Leo also helps direct the 85 Fund, a charitable organisation sponsoring a host of conservative non-profits. According to OpenSecrets, the majority of the 85 Fund’s 2020 money came from the Donors Trust. The 85 Fund supported numerous groups that backed Coney-Barrett’s confirmation to the Supreme Court, including: Turning Point USA ($2.7 million), Concerned Women for America ($100,000), Faith and Freedom Coalition ($100,000), and Heritage Action for America ($50,000). 

Leo’s colleague at the Federalist Society, John Eastman, was the author of the ‘Eastman memo’, which outlined a plan to prevent the certification of the 2020 election. He also addressed the mob at the Capitol. Turning Point USA bussed protestors to Washington D.C. to take part in the attempted insurrection, inviting its members to “fight for their President”.


How the Far-Right Won

Throughout his presidency, an estimated 85% of Donald Trump’s judicial nominees were or have been affiliated with the Federalist Society. This goes beyond the Supreme Court and into the court houses across the nation. Trump and his allies stacked the judiciary with white, male conservatives determined to undermine abortion rights. 

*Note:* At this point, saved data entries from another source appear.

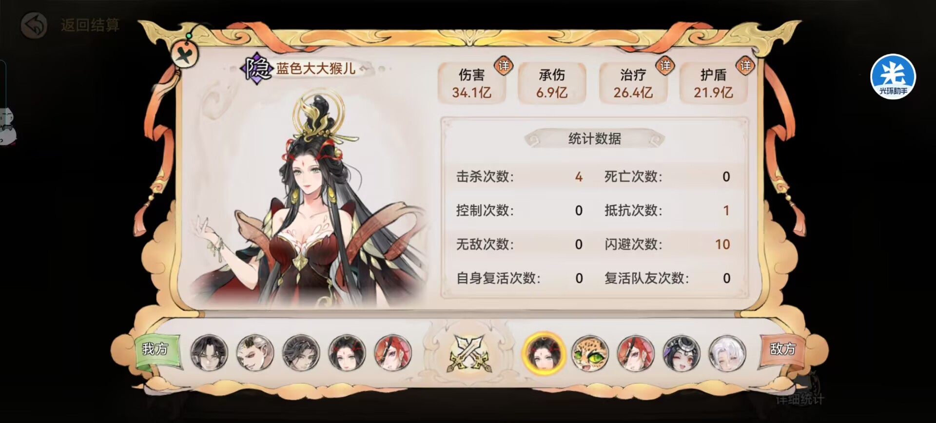 虽然敌方阵容搭配不怎么样,但是狮子仍然是输了!敌方南宫婉获得mvp!打出34亿+的伤害。
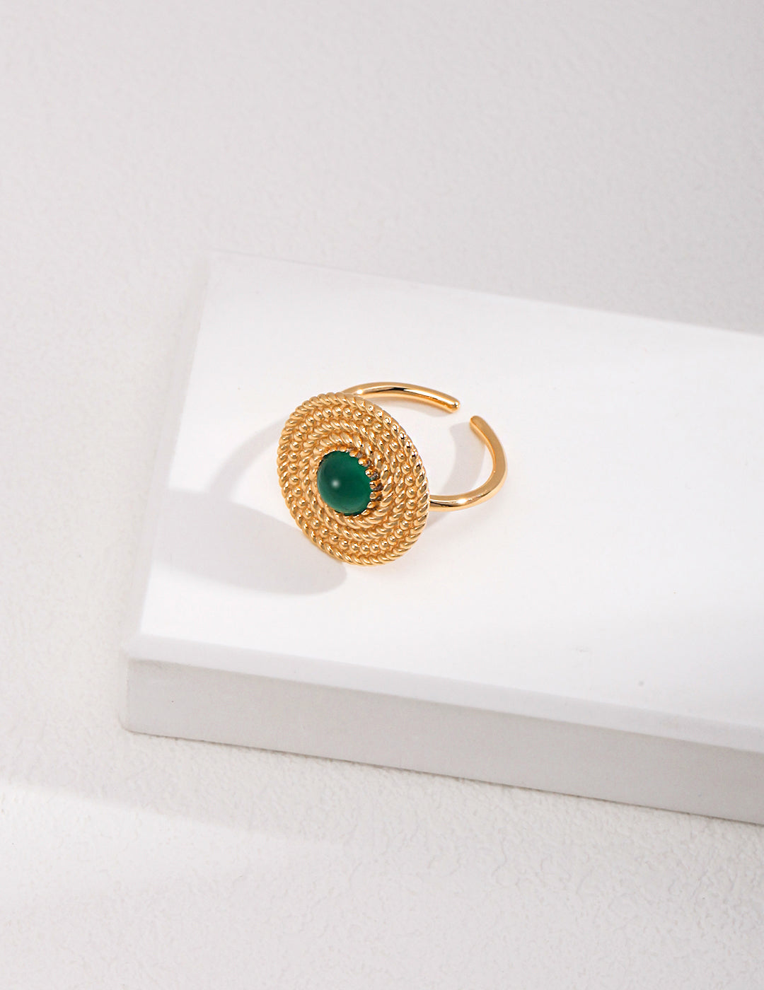 Where the Fates braid destinies with golden threads, this ring's coiled rope motif becomes a celestial loom. The 6mm chrysoprase glows like captured forest essence within its knotted embrace, its moss-green depths swirling with earth's primordial memories. Each twist in the antique gold band mirrors the sacred spiral of growth – a tangible covenant between raw nature and human artistry, forged for those who write their own legends.
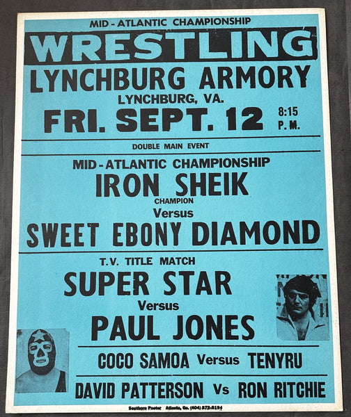 HISTORY: On September 12, 1980 at the Lynchburg Armory in Lynchburg, Virginia the Iron Sheik wrestled Sweet Ebony Diamond in the co feature on the show. In the other co feature Paul Jones wrestled The Masked Super Star.
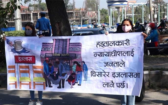 काठमाडौं । कानूनका विद्यार्थीहरुले आज इजलास बहिष्कार गर्ने न्यायाधीशहरुको विरुद्धमा माईतीघरमा प्रदर्शन गरेका छन् । विद्यार्थीहरुले छोटो सडक नाटकसमेत देखाएका थिए । उनीहरुले प्रदर्शनको क्रममा देखाएको ब्यानरमा ‘हड्तालकारी न्यायाधीशलाई इजलासमा घिसारेर लानैपर्छ’...

At the same time, a network of conservative legal non-profits, such as Alliance Defending Freedom (ADF), the Thomas More Society, the Becket Fund and the American Center for Law and Justice, work to deliver strategically chosen anti-choice cases that are heard by these conservative judges. Those cases then make their way up the courts system to have a final say at the Supreme Court with its now anti-abortion majority. 

This has led to the current legal challenge against Roe versus Wade, after state law-makers in Mississippi introduced the nation’s first-ever 15-week abortion ban. It is based on model legislation drafted by the ADF and, if the Supreme Court chooses to uphold it, will overturn the legal basis for nationwide abortion in the US. 

The US is preparing to overturn women’s human right to bodily autonomy and its success is almost inevitable. Should Roe be overturned, at least 21 states are ready to ban abortion.

This tells us something significant and frightening about the US Capitol riot, the anti-abortion far-right in the US, its allies and backers in the Republican Party, and the various radical-right think-tanks and foundations: they may have lost the election, they may not have succeeded in overthrowing US democracy – but when it comes to forcing their anti-rights agenda and the capture of the American right-wing elite, the far-right has won. 

“6 January 2021 was a visual representation of what’s been happening to our democracy for decades – a tyranny of the minority acting to subvert the will of the people,” Alexis McGill Johnson, president of Planned Parenthood Action Fund, told Byline Times.

“This insurgency continues by other means, through efforts to undermine our vote. The freedom to vote is a core pillar of our democracy and protecting it is inextricably linked to abortion rights. It’s no coincidence that the same politicians pushing voting restrictions are the architects of some of the most egregious abortion bans in the country.

“These policies do exactly what they’re designed to do: disenfranchise black and brown people, women, people with low incomes, and the LGBTQ+ community. We cannot allow this to continue. Congress must use every legislative means necessary to protect the right to vote and our right to bodily autonomy. Our democracy depends on it.”